Video VLMs keep re-buying visual state that is already sitting in the stream. VLMaxxing asks a frozen model to reuse what survived, refresh what changed, and keep the expensive bits for when they matter: training-free, no measurable accuracy drift in the tested follow-up rows.
What it actually does
- Most frames are reruns. The factory wall did not move; the cache says so. VLMaxxing makes the runtime remember that.
- After ingest, later questions on the same video reuse repaired visual state instead of rebuilding the expensive prefix.
- On fresh videos, sparse vision helps when timed vision work is actually skipped.
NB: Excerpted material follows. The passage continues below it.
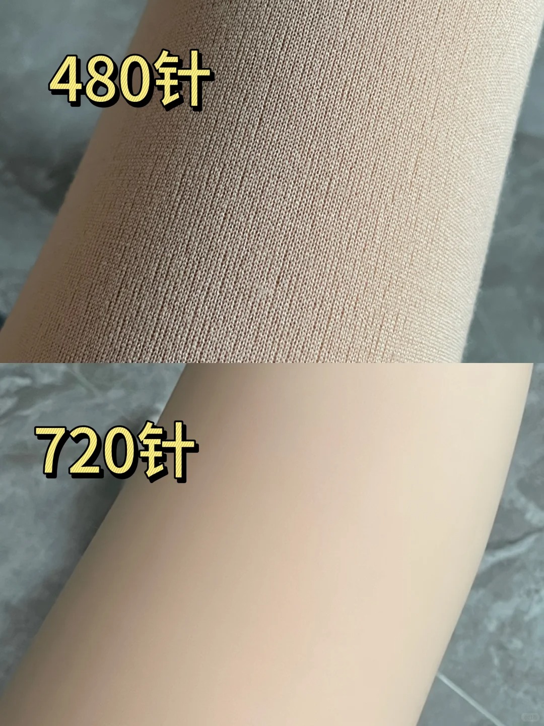 丝袜的针数决定了丝滑程度,针数越多纱线相对来说也更细,所以织出来很细腻

C-CEILING keeps the speedup honest.
- For live streams, the target is perception rate: buy fresh evidence around change, motion, text, object boundaries, and sensor disagreement.
The Numbers Worth Clicking
| Lane | Teaser number | What it means | Guardrail |
|---|---|---|---|
| C-PERSIST | 14.90–35.92× | later questions reuse repaired same-video state | n=93 · 0 paired choice/correctness drift |
| C-STREAM target | 54.68 fps | warm 32-frame follow-up perception on a 26B-class stack | 19/21 rows >30 fps · first question pays once |
| C-VISION | 1.316× | fresh-video vision work skipped before the first answer | Gemma 32f short · n=20 · 0 drift/parse failures |
| C-CEILING | stage share | a local win only counts where wall-clock was actually skipped | separate first-query, follow-up, streaming, and routing rows |
Same numbers, separate workloads: first query, later questions on the same video, warm streaming views, and routing overlays each have their own denominator.
Watch the Cache Spend
Orange shows where the runtime buys fresh visual evidence. The pattern is the point: moving regions get new spend, while stable and shifted structure keeps its cached state.
Why it matters
Continuous-video agents — computer-use, screen recording, robotics, games, driving — need to notice the world changing while most of it does not. In the 26B scale-out bundle, warm follow-up turns hit 54.68 fps at the median on 32-frame rows, with 19/21 rows above 30 fps.
Streaming is the big target because the input rate keeps rising. The future interface is not just more frames; it is a state stream that carries what stayed put, what shifted, what surprised the codec, and which tiles deserve fresh vision now.
Where reuse gets interesting
Toward VLM-native codecs
Today’s codecs already know about motion, residual surprise, stable blocks, and prediction failure. VLMaxxing asks what happens when that structure becomes model state instead of being flattened back into RGB.
The next codec for models should speak in active tiles, object state, sensor time, uncertainty, text events, and cheap invalidation signals. More pixels is the boring interface; fresh evidence is the interesting one.